Two questions structure this dimension:
- Capability access. Which tools does the agent have? The principle is least privilege: grant only what the task requires, and scope each grant as narrowly as possible.
- Data access. What data does the agent see? Synthetic by default, masked when realism is needed, raw production data essentially never.
A subtle point CAGE surfaces: dangerous capabilities should often be mocked rather than granted. An agent that needs to "make a purchase" can be given a simulated payment tool that logs intent without executing it. You get to observe behavior without permitting consequence, a pattern our examples article illustrates in detail.
G: Governance
Governance is what makes the sandbox observable and accountable. A contained, access-limited sandbox that you cannot see into is still a black box, and black boxes cannot be trusted or improved.
Governance has two components.
Observability
Log every prompt, tool call, command, and output, starting from the first run. This is simultaneously your debugger, your audit trail, and your evidence that the sandbox behaved correctly. It cannot be added retroactively after an incident, so it must be designed in.
Limits
Spend caps and rate limits act as circuit breakers against the runaway loops that autonomous agents fall into. The reasoning is asymmetric: the downside of an uncapped agent is unbounded, while the cost of capping it is essentially nothing. Govern by default.

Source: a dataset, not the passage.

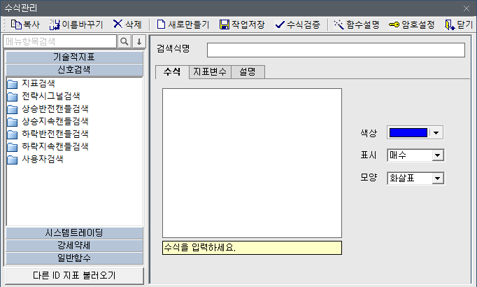 신호검색기는 수식관리자를 통해서 만들 수 있습니다.

When to dial governance up
Tighten governance when runs are unattended, when the agent has any real-world capability, and when you operate under compliance obligations. A supervised five-minute experiment needs light governance; an overnight autonomous run needs heavy governance.
E: Ephemerality
Ephemerality is the discipline of disposability. The sandbox should be cheap to create, used briefly, destroyed, and recreated clean.
This dimension is easy to underrate because its benefits are quiet. Ephemeral environments deliver three things:
- Reproducibility, because every run starts from an identical clean state.

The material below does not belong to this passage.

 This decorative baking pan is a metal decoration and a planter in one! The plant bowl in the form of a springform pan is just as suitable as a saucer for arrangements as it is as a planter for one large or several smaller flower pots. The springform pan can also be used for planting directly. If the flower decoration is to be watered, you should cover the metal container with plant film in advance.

- Hygiene, because leftover files, cached credentials, and modified configs never accumulate to contaminate later runs.
- Safety, because a compromised sandbox is solved by deletion rather than cleanup.

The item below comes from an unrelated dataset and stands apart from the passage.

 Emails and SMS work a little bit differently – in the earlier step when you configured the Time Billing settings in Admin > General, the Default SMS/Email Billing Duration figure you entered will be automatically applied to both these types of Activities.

The practical key is speed. If creating a clean sandbox is slow, people reuse dirty ones and ephemerality dies in practice no matter what the policy says. Investing in fast provisioning is what makes this dimension real rather than aspirational.
Applying CAGE end to end
The power of the framework is in running all four dimensions for a given use case before you build, then setting each dial to match the risk.
Consider an autonomous overnight agent handling untrusted inputs. CAGE tells you: maximize Containment (microVM, default-deny, scoped filesystem), tighten Access (least privilege, mocked dangerous tools, masked data), heavy Governance (full logging, hard caps), and strict Ephemerality (fresh per run). Each setting follows from the dimension, so nothing gets forgotten.
Now consider a supervised five-minute prompt experiment. The same framework relaxes every dial: a container suffices, broader tool access is fine under supervision, light logging is acceptable, and reuse is tolerable for the session. Same four questions, different answers, no gaps.
That is the whole point. CAGE does not tell you the answers; it guarantees you asked all four questions. For the failures that happen when one dimension is skipped, see our common mistakes guide, and for the broader picture, the complete guide.
Why the four dimensions are independent
A natural objection to any framework is that its categories overlap, that you are really describing one thing four ways. CAGE survives this test because each dimension can fail while the others hold, which is precisely what makes covering all four necessary.
Consider the failure cases. You can have perfect Containment and still expose real data through a lax Access decision, the walls hold but the wrong thing is inside them. You can have tight Access and weak Governance, the agent is well-scoped but you have no record of what it did. You can have strong Governance and poor Ephemerality, you log everything but stale state contaminates every run. Each dimension guards against a failure the others cannot catch.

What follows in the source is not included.